Austen’s six completed novels are “Sense and Sensibility,” “Pride and Prejudice,” “Mansfield Park,” “Emma,” “Northanger Abbey,” and “Persuasion.”

The books were first published in 1811, with the last coming out after her death in 1817.

When I asked Baum for the single best adjective to describe Austen’s novels, she replied without missing a beat, “Irony.” Then she quickly added “sense of place” and “delicious prose style.”

Jane Austen fans are everywhere.

According to the Jane Austen Society of North America there are 5,000 members of the Society in the United States and Canada. A variety of on-line sources report that there are also Jane Austen Societies in places as far flung as Australia, Pakistan, Brazil, the United Kingdom, Singapore and Italy.

And it is not just readers who swoon over Jane Austen; movie goers do as well.
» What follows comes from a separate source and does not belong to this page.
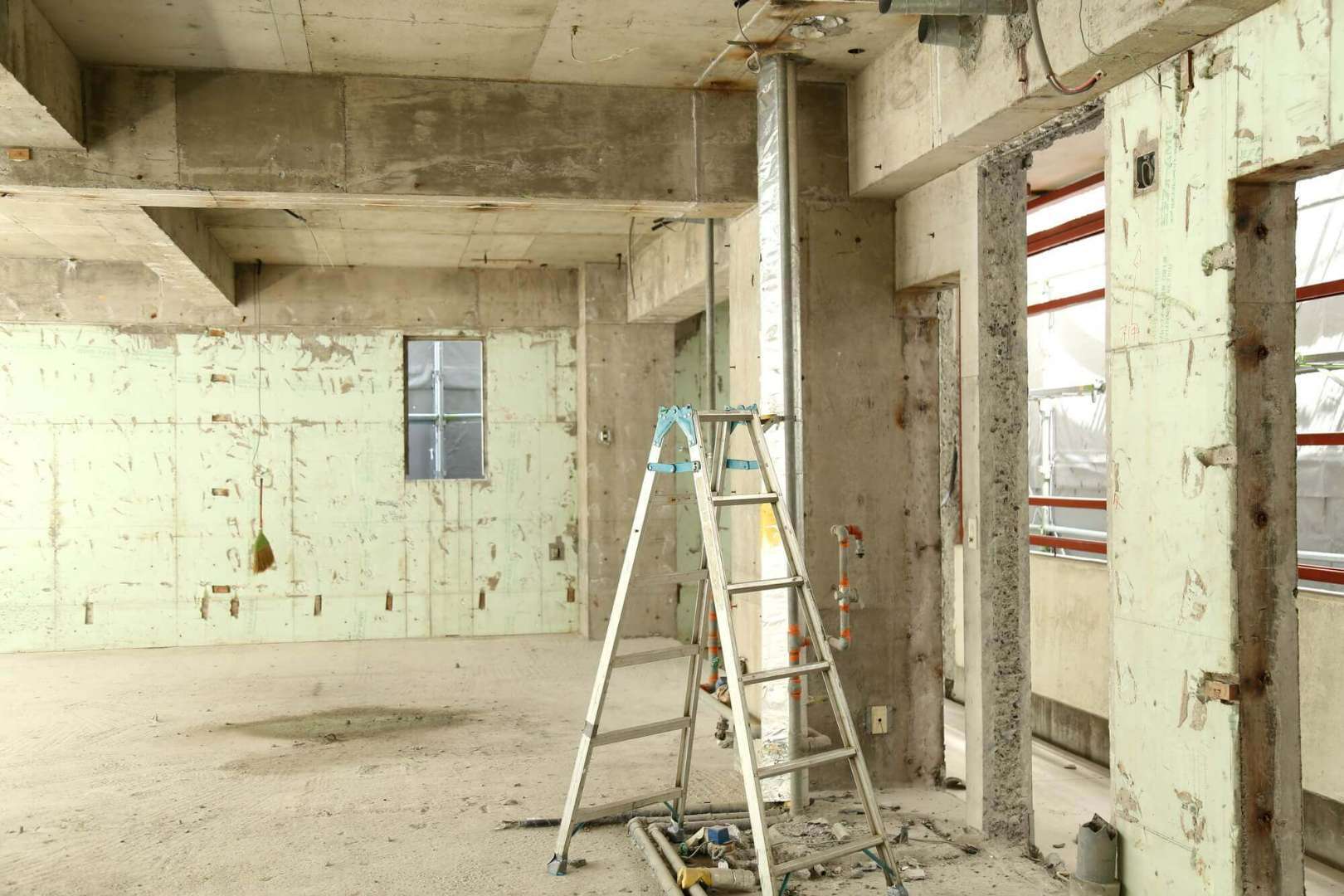スケルトン工事とは、内装や設備をすべて解体・撤去し、建物の骨組み(躯体)が剥き出しの状態に戻す工事です。コンクリート打ちっぱなしの状態をイメージすると分かりやすいでしょう。

Several Austen novels have been put on the silver screen or made into PBS or BBC miniseries starring well-known actors such as Laurence Olivier, Kate Winslet, Colin Firth, Greer Garson and Judi Dench.

Joan Baum spent twenty-five years teaching literature and writing at City University of New York. The syllabus for her course on the English Romantic poets was at first limited to the traditional five males — Wordsworth, Coleridge, Byron, Shelley and Keats — but eventually included other novelists and essayists including Jane Austen.

And while Baum says that did not turn her into a Janeite, it did prompt her to join the Manhattan-based Jane Austen Society for a year.

As to the May 3 evening devoted to Jane Austen, Baum told me, “I am not going to deliver a lecture on Jane Austen. I want to hear from the folks in the audience as to why Austen seems so important, so admirable, and so relevant to our culture today.”

In other words, Joan Baum wants her Jane Austen Friday Night Dialogue to be a dialogue.

Friday Night Dialogue with Joan Baum, Friday, May 3, 7 p.m.